- [Information supplied]
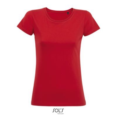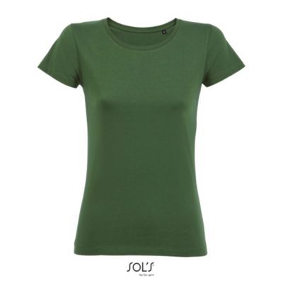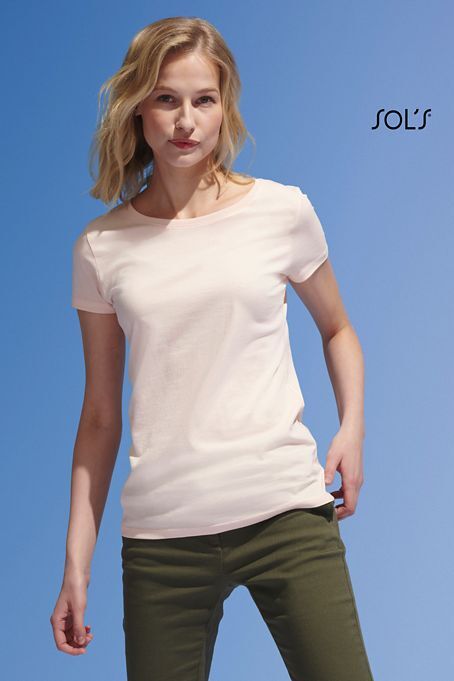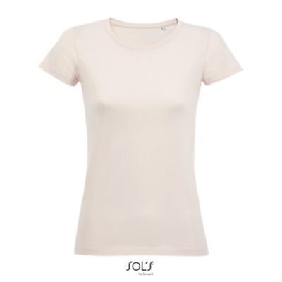 ЖЕНСКАЯ ФУТБОЛКА С КОРОТКИМ РУКАВОМ. Круглый вырез отделан резинкой; Кроеный трикотаж; Приталенная модель; Короткий рукав; Укрепляющая тесьма по вороту
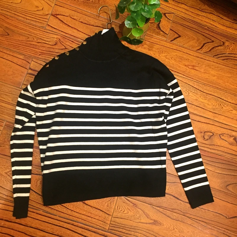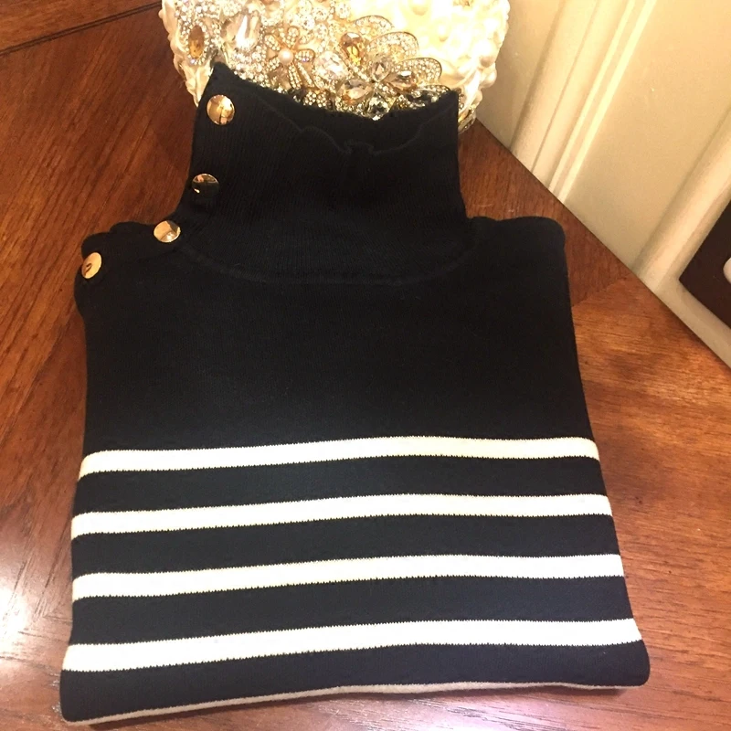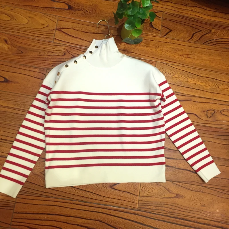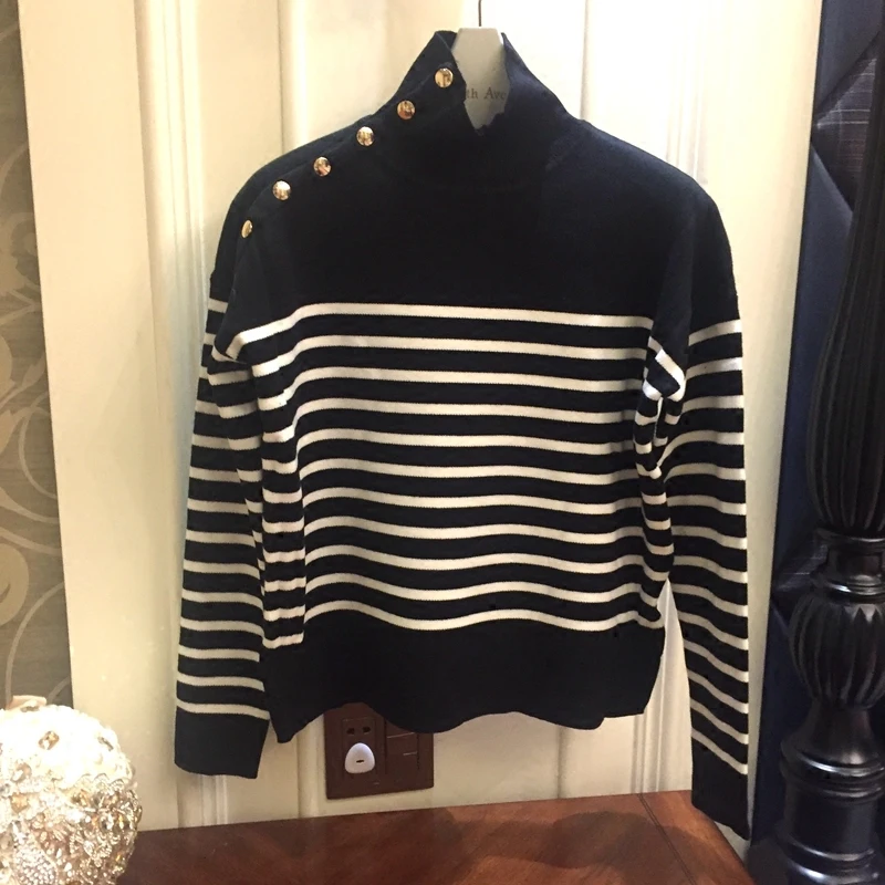 New Arrival Europe and the United States are 2018 new British style metal buckle striped sweater wool turtlenec
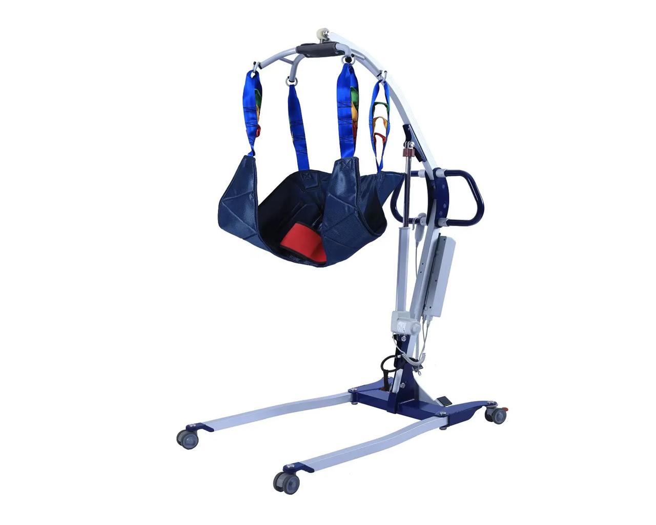 Sollevatore ad alimentazione elettrica con struttura in alluminio e superficie rivestita, ideato per sollevare e trasferire i pazienti dal letto alla sedia a rotelle e viceversa.
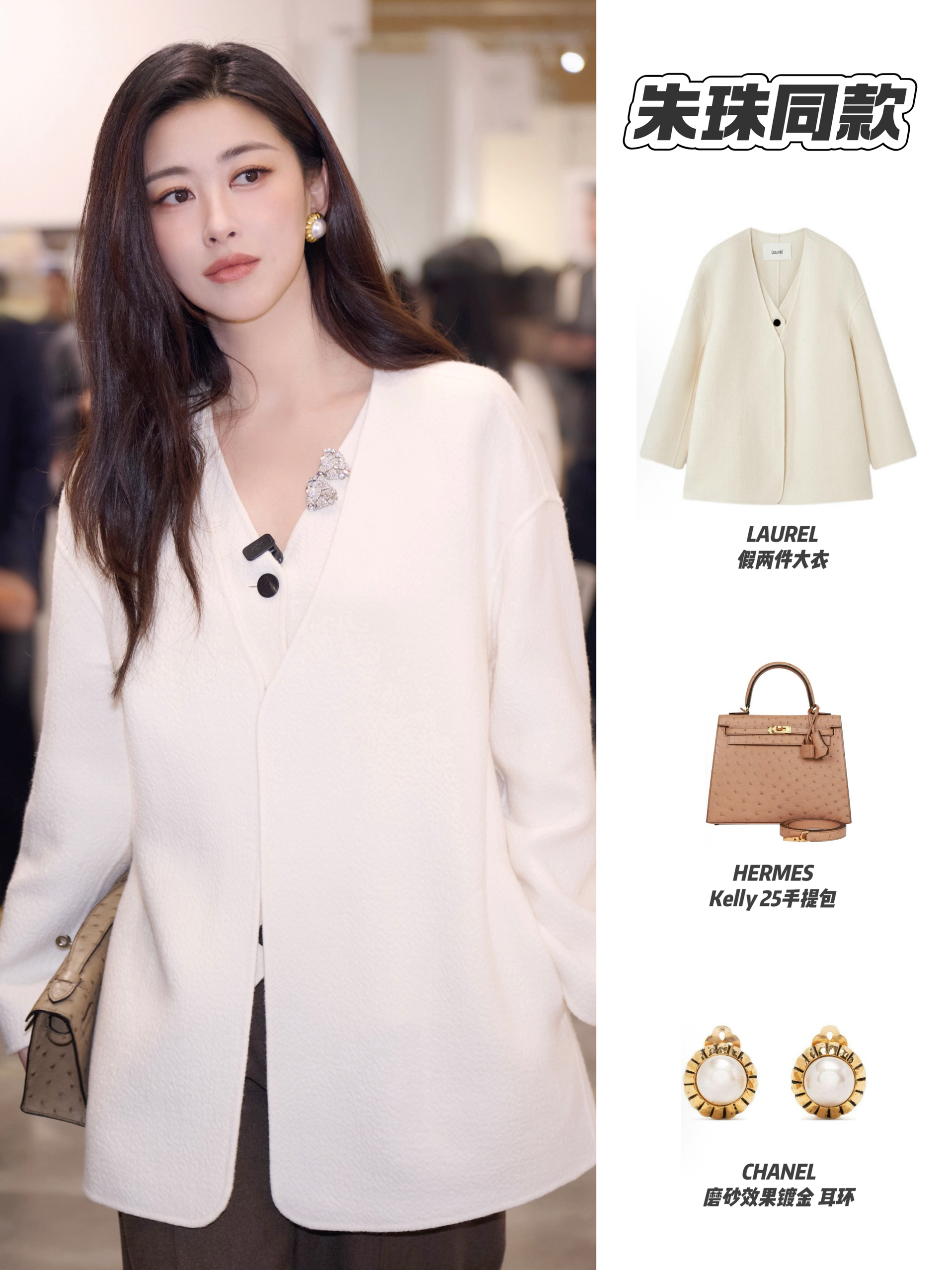 朱珠新剧《他为什么依然单身》正在热播中,“顾医生”跨界开穿搭班好像也不是不行😂私下穿搭真的是行走的“老钱风”模版~ LAUREL假两件大衣的奶白质感衬出温柔氛围,HERMES鸵鸟纹Kelly包自带奢华滤镜,CHANEL珍珠耳环则是精致点睛之笔,整体配色柔和、单品质感上乘,既得体又显贵,很适合正式场合

- [What needs to be done] Reproduce the data above in full, exactly as it is, with the pictures left out.

- [Result]
 ЖЕНСКАЯ ФУТБОЛКА С КОРОТКИМ РУКАВОМ. Круглый вырез отделан резинкой; Кроеный трикотаж; Приталенная модель; Короткий рукав; Укрепляющая тесьма по вороту
 New Arrival Europe and the United States are 2018 new British style metal buckle striped sweater wool turtlenec
 Sollevatore ad alimentazione elettrica con struttura in alluminio e superficie rivestita, ideato per sollevare e trasferire i pazienti dal letto alla sedia a rotelle e viceversa.
 朱珠新剧《他为什么依然单身》正在热播中,“顾医生”跨界开穿搭班好像也不是不行😂私下穿搭真的是行走的“老钱风”模版~ LAUREL假两件大衣的奶白质感衬出温柔氛围,HERMES鸵鸟纹Kelly包自带奢华滤镜,CHANEL珍珠耳环则是精致点睛之笔,整体配色柔和、单品质感上乘,既得体又显贵,很适合正式场合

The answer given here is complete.